Shortly thereafter, I encountered a perfect example of kid-friendly content. Take a couple of minutes to listen to the audio for this Social Media Examiner article on How to Use Showcase Pages for Business. You’ll notice the excitement, even giddiness in her voice. You can hear her smiling. That’s the voice we use to talk to little ones.
You may also notice a nice amount of variety in sentence structure in the Social Media Examiner article. There are shorter sentences, longer sentences and questions mixed in throughout. That’s how we talk to kids too.
Not all of your content will be read aloud in an audio or video. But reading content aloud to yourself or another person, even if it’s being sent in an email or posted on a site, will give you a great sense of how it sounds to the reader. After all, most readers read things with an internal voice that we want to sound conversational and not bore us to death.

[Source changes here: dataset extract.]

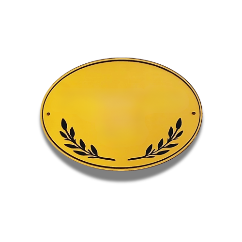 A timeless oval gold nameplate with elegant black lettering and decorative leaf detailing. Perfect for doctors, professionals, and homes seeking a refined entrance look.

If you’re having trouble breaking out of adult speak, try talking to an actual child about any of the above three items. Or, do this exercise: Write a script where you invite a child in your life to go on a trip to Disney World. How would you talk? What questions would you ask? How would they respond? Writing this way will jostle your brain and wake up some creativity cells.
Let’s face it: We’re kids at heart. And, with everything we’re juggling on a daily basis, we can have the attention span of a 5-year-old. So let’s keep our communications simple and wondrous. Tap into your inner kid and have fun!